(Task prompt)
If the records below hold pictures, omit them, and print exactly the lines from the first line through the line containing "Es ging wieder", inclusive.
══ Record set ══
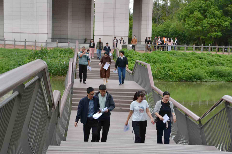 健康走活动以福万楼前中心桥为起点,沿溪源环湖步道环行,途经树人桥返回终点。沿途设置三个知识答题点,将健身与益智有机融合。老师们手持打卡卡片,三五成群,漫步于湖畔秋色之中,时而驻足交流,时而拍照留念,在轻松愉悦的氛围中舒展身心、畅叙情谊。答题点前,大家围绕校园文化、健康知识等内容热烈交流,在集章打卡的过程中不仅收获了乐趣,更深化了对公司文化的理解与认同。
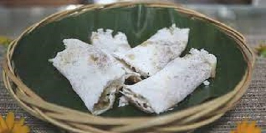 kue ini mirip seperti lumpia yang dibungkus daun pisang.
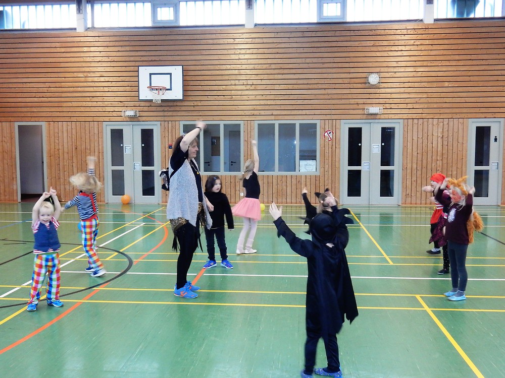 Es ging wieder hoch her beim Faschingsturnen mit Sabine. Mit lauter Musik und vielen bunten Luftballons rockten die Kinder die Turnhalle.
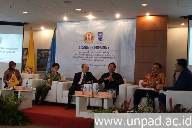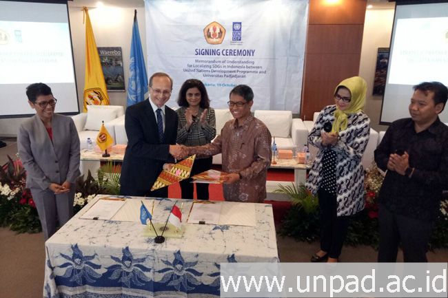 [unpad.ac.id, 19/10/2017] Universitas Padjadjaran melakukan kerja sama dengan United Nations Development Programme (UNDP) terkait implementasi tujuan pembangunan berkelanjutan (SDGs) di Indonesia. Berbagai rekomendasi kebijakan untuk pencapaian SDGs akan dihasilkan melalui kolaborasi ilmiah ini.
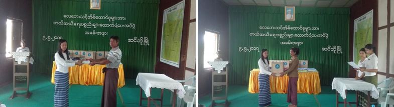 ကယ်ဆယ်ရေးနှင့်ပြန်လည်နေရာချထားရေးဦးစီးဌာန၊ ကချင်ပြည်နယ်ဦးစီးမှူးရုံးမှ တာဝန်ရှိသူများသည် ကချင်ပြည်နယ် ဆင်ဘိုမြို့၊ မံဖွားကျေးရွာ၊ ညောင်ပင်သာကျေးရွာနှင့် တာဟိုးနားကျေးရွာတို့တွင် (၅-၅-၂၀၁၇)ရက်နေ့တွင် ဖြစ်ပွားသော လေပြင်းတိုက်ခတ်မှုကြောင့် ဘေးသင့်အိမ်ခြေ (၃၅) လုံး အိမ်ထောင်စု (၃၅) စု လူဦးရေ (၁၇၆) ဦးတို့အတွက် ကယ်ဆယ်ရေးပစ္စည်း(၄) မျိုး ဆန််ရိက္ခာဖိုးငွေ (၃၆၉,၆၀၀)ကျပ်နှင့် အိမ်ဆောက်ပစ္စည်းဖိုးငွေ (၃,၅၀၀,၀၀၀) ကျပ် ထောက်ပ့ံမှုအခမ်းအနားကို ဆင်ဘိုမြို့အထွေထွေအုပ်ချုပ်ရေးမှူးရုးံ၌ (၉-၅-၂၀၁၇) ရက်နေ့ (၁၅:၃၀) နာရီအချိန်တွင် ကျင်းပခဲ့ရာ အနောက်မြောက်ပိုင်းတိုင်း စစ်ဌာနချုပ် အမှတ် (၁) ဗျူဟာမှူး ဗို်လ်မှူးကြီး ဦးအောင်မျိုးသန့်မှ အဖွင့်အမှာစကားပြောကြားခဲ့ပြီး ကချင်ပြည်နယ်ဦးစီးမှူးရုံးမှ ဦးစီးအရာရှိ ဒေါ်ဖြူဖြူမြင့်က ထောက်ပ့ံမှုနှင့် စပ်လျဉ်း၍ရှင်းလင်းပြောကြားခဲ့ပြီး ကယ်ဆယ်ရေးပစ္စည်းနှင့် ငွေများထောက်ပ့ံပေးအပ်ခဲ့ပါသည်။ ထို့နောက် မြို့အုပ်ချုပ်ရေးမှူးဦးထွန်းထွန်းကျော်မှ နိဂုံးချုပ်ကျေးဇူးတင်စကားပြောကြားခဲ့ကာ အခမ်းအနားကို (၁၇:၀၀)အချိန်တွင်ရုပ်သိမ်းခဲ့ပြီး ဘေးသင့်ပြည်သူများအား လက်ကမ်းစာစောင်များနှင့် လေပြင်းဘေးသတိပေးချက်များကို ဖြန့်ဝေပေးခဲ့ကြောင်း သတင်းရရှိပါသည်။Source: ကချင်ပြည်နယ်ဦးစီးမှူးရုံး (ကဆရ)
═══
(Answer to this exercise)
 健康走活动以福万楼前中心桥为起点,沿溪源环湖步道环行,途经树人桥返回终点。沿途设置三个知识答题点,将健身与益智有机融合。老师们手持打卡卡片,三五成群,漫步于湖畔秋色之中,时而驻足交流,时而拍照留念,在轻松愉悦的氛围中舒展身心、畅叙情谊。答题点前,大家围绕校园文化、健康知识等内容热烈交流,在集章打卡的过程中不仅收获了乐趣,更深化了对公司文化的理解与认同。
 kue ini mirip seperti lumpia yang dibungkus daun pisang.
 Es ging wieder hoch her beim Faschingsturnen mit Sabine. Mit lauter Musik und vielen bunten Luftballons rockten die Kinder die Turnhalle.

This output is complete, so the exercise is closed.